Yeah, the one time I met Plei I was totally awkward and had trouble making conversation. I suspected afterwords that she thought me the most boring person ever, cause that is what I would have thought if I'd met me that day.
'Safe'
Natter 71: Someone is wrong on the Internet
Off-topic discussion. Wanna talk about corsets, duct tape, or physics? This is the place. Detailed discussion of any current-season TV must be whitefonted.
pile of papers - GONE from my desk. Moving on to small scraps of paper and single papges from notepads. Pulling what useful info is on them that made me keep them and then tossing them.
The joy of meeting other awkward people is that they are too busy worrying that they, too, are the MOST AWKWARD HUMAN EVER!

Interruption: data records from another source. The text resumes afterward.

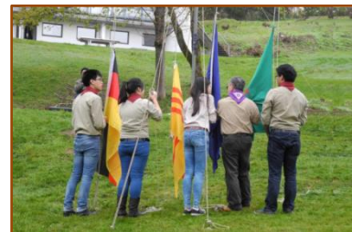
Trại Bách Hợp lần thứ 20 của CN được tổ chức từ ngày 18-21/04/2014 tại Freizeithem Ren You - Hubertus Str 1b - 38700 Braunlage Hohegeiß, tiểu bang Niedersachsen

(Mời Xem: http://www.hdvietnam.de/web/data/File/2014/BH20.pdf )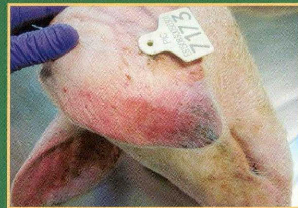
Cijanoza – plavo ljubičasta boja na vrhovima uški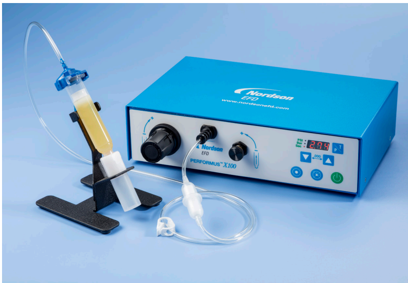
Performus X 点胶机可为广泛行业中的通用应用提供稳定的点胶效果。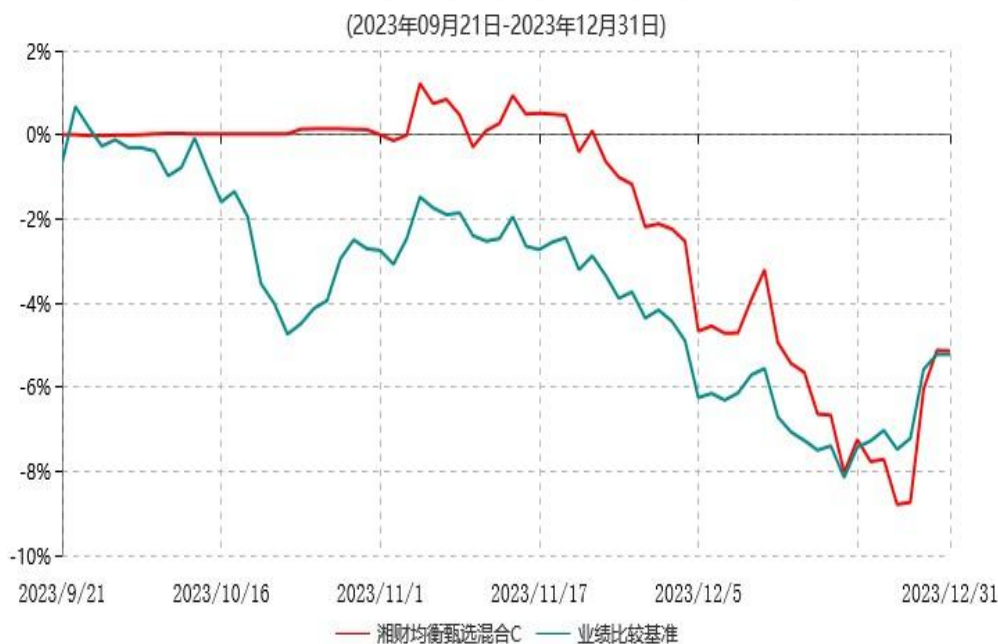
湘财均衡甄选混合C累计净值增长率与业绩比较基准收益率历史走势对比图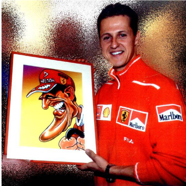
Formel I-WeltMeister Michael Schumacher

SCHNELLZEICHNUNGEN KARIKATUREN ILLUSTRATIONEN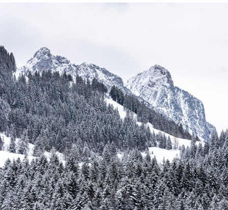
Hinter dunklen Wäldern grüssen die Mythen.

Erreichbar ist Sattel, Talstation Hochstuckli mit dem Zug von Biberbrugg oder dem Bus von Schwyz.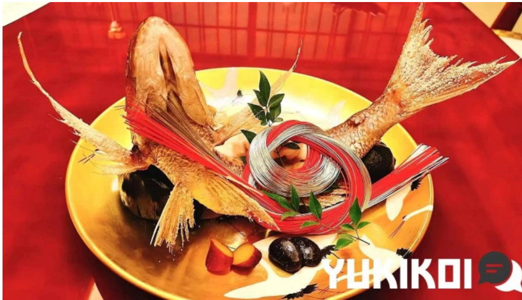
日本料理渡風亭 料理飲み物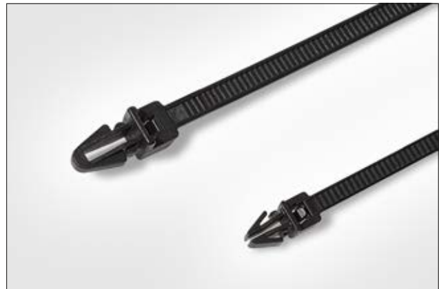
Bei engen Einbauverhältnissen eignen sich besonders die Kabelbinder T30RSF und T50RSF.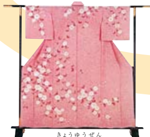
きょうゆうぜん 京友禅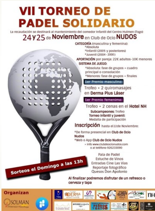
VII Torneo de Pádel Solidario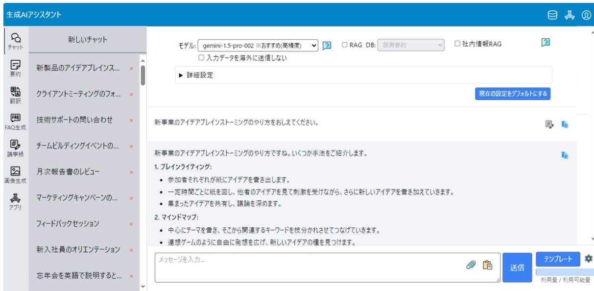
図. 生成 AI アシスタント画面イメージ（左側メニューから翻訳他の業務を選定、画面上部から生成 AI モデルの選択が可能）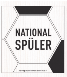
NATIONAL ... Nr. 920064

I LOVE having something to do at parties/gatherings, and I love being behind a check-in thing at events. I was "in charge" of the cake at my BFF's wedding, and that was nice too. I am not sure if it is my innate personality, or the fact that I started working as a cashier at 15, so I have LOTS of scripts for what to say in those situations.
I often feel terribly shy when I meet Buffistas in person, sadly. I mean, you'd think that I'd be able to talk to people I've spoken to online daily for 12 years, but sometimes, no.
Me too, sometimes.
Yeah, the one time I met Plei I was totally awkward and had trouble making conversation.

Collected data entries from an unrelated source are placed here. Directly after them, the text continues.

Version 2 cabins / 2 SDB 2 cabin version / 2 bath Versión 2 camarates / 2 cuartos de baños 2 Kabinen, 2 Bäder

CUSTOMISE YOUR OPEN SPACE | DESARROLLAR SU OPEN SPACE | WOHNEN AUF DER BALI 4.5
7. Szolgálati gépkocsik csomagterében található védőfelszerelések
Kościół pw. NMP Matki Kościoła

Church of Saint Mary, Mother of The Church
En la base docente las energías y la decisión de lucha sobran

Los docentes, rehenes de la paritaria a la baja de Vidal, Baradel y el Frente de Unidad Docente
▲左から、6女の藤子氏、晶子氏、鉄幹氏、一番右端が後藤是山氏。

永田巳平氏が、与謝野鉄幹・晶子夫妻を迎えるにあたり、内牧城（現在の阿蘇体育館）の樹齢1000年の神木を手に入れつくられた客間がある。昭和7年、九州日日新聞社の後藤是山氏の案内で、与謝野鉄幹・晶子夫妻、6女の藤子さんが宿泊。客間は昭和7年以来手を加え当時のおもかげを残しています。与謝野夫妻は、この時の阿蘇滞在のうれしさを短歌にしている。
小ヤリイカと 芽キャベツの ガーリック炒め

Yeah, sometimes I feel like the clever, fun part of my brain just shuts down when I'm making f2f conversation.
Relatedly, I recently learned that introversion and social anxiety are not the same thing. Now I'm wondering how much of my difficulty socializing is due to social anxiety and how much is introversion.

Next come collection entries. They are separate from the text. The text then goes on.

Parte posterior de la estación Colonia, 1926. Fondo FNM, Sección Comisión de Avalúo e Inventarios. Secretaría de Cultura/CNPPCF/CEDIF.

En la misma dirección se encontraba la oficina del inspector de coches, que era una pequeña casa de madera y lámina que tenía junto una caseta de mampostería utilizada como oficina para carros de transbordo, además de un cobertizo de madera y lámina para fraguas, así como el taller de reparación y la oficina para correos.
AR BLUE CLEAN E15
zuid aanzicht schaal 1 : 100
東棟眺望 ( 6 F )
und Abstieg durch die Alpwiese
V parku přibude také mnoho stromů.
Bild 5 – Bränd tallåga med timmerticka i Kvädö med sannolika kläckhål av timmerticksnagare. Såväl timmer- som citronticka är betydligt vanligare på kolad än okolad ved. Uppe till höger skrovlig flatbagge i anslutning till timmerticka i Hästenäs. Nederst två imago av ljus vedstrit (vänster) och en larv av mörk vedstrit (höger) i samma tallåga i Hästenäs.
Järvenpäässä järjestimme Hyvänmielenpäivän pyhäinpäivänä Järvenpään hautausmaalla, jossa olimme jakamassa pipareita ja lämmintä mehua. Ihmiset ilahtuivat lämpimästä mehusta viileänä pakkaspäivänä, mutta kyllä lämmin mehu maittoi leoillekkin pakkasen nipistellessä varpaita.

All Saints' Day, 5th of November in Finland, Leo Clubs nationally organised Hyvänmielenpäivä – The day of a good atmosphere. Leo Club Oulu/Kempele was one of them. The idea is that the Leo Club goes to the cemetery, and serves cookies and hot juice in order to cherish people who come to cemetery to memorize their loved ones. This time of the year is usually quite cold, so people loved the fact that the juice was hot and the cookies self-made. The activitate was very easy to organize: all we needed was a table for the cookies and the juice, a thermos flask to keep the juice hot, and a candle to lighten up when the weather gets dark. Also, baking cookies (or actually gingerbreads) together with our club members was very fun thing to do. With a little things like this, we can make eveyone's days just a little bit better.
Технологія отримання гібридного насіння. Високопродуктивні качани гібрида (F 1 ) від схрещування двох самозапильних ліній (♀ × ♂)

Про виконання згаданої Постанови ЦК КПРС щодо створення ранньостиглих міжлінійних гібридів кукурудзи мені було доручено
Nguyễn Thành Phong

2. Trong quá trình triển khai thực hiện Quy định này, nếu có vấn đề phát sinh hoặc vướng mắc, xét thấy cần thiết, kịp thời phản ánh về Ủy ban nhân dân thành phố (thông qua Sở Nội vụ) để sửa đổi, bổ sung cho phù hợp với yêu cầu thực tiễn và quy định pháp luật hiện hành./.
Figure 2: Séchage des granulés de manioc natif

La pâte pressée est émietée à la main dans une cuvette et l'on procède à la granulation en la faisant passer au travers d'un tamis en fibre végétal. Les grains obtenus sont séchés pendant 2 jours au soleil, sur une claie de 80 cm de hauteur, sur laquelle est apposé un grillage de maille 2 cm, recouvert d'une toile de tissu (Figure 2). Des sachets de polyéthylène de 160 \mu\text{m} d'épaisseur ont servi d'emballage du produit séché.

I always loved working the check in desk at really big SCA events, like multi-day wars and such. You had a reason to talk to people in process of doing soemthing else.
Amy, that night I knew you and I was with Nicole and K-Bug so jumping in was easy. You didn't see me asking questions or anything. I can be extroverted in spurts but I value my alone time. Shoot, that is part of the reason I love working at home.
Ha. That's why I'm a little freaked out about when I eventual meet my new music buddy. Because I think he's way OTT extrovert and the bouncy manic kind of extrovert as well. But because we've only ever had fb messaging conversations, he thinks I'm, you know, interesting and have opinions and stuff. But I'm pretty sure I will be way less interesting to him in person! He'll just have to know all that stuff is going on behind my eyes and it only comes out through fingertips and not lips.
That sounded porny.
But I meant written words instead of verbal.
You knew what I meant.
It probably sounds worse now that I talked about it.
Ok, stopping now.
Anyway, where I was headed with all of that was that, I generally do ok with y'all in person, but it's just because of all the backstory. I don't have to ask awkward questions about your children, because I know about your children. (And then I can talk to your children and your children like me because I like Avatar. I mean, purely hypothetically.)
Which isn't to say that I don't often feel entirely awkward and uncomfortable, it's just that I know that at this point, you don't mean me ill, so I can blaze past the feeling and get to the bit of having fun hanging out with people I already like.
I often feel terribly shy when I meet Buffistas in person, sadly. I mean, you'd think that I'd be able to talk to people I've spoken to online daily for 12 years, but sometimes, no.
This is so me. I also find it weird to meet someone for the first time when I already know all this stuff about them. And I find the whole IRL name/board name thing weird.